Runners participate in the 2015 Veterans Day Half Marathon.
Michael Stout

Hundreds of runners were lined up with no place to go early Saturday morning when the Santa Barbara Veterans Day Half Marathon was canceled 45 minutes after it was supposed to start.

Police officers assigned to the race determined that it was unsafe to proceed because hardly any volunteers were deployed to monitor the 13.1-mile course along the waterfront into the Mesa.

“It’s on me,” race director June Snow said in an interview on KEYT. She confessed that rustling up volunteers was a task she put off and ultimately failed to accomplish.

Snow issued an apology on the event’s Facebook page, but that did little to mollify the people who paid $100 entry fees to participate in an organized run. Having incurred expenses to put on the race, Snow could not promise their fees would be refunded.

“I know I won’t see a dime of refund,” wrote a runner from Arizona. “I spent a lot of money for lodging, gas and food. … Unless a reputable race company takes this over, I see the end of this race!”
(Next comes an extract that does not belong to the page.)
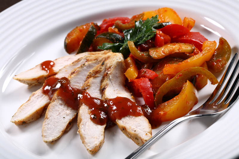 4. După ce s-a copt pieptul de curcan, se scoate din cuptor, se taie fâşii potrivite, se aşază pe un platou şi se stropeşte cu sos, iar tocana de ardei se pune lângă fâşiile de carne şi se ornează cu fire de pătrunjel.
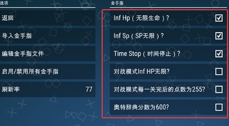 3、进入金手指菜单会看到多种修改选项,包括无限能量、一键必杀等功能,勾选后需要重启生效。

Bill Rupp, a longtime volunteer at road races in the area, showed up Saturday morning, expecting to help distribute food at the finish line. “There was no food there,” he said. He went to the Mesa and found that key intersections were unmanned. “My heart dropped,” he said. “This is a real black mark on Santa Barbara.”

At 7 a.m., Beverley Lewis was supposed to fire her starter’s pistol at Chase Palm Park, the start/finish line. While some 500 runners bunched up, the start was put on hold. At 8:45, Lewis was informed the run was canceled.

“Here I am in a red blazer,” she said. “Everybody was furious. I had to be the one to say I’m terribly sorry.”

As many as half of the field decided to run the course on their own, without receiving official times or medals. “An aid station on Elise Way ran out of water and had to get more from Lazy Acres,” Rupp said.

The first Veterans Day Half Marathon was staged in 2010 as a companion race to the Santa Barbara International Marathon. The event’s codirectors were Rusty and June Snow, former distance runners at Brandeis University in Massachusetts, who had moved to Santa Barbara six years previously. The two runs drew over 5,000 entries at their peak in 2012.

There were some complaints in 2014, when promised medals were not awarded, and serious trouble arrived in 2015, when the full marathon was canceled with only three weeks’ notice because of diminishing participation. Those who entered the longer run are reportedly still awaiting refunds.

June Snow took over the half marathon after she and her husband were separated. The 2016 Veterans Day race was plagued by problems, including runners being directed off course and missing medals.

Snow, going by her maiden name June Parks, promised that she was “bringing the popular South Coast tradition ‘back on its feet’” this year, but her best intentions dissolved into a fiasco Saturday.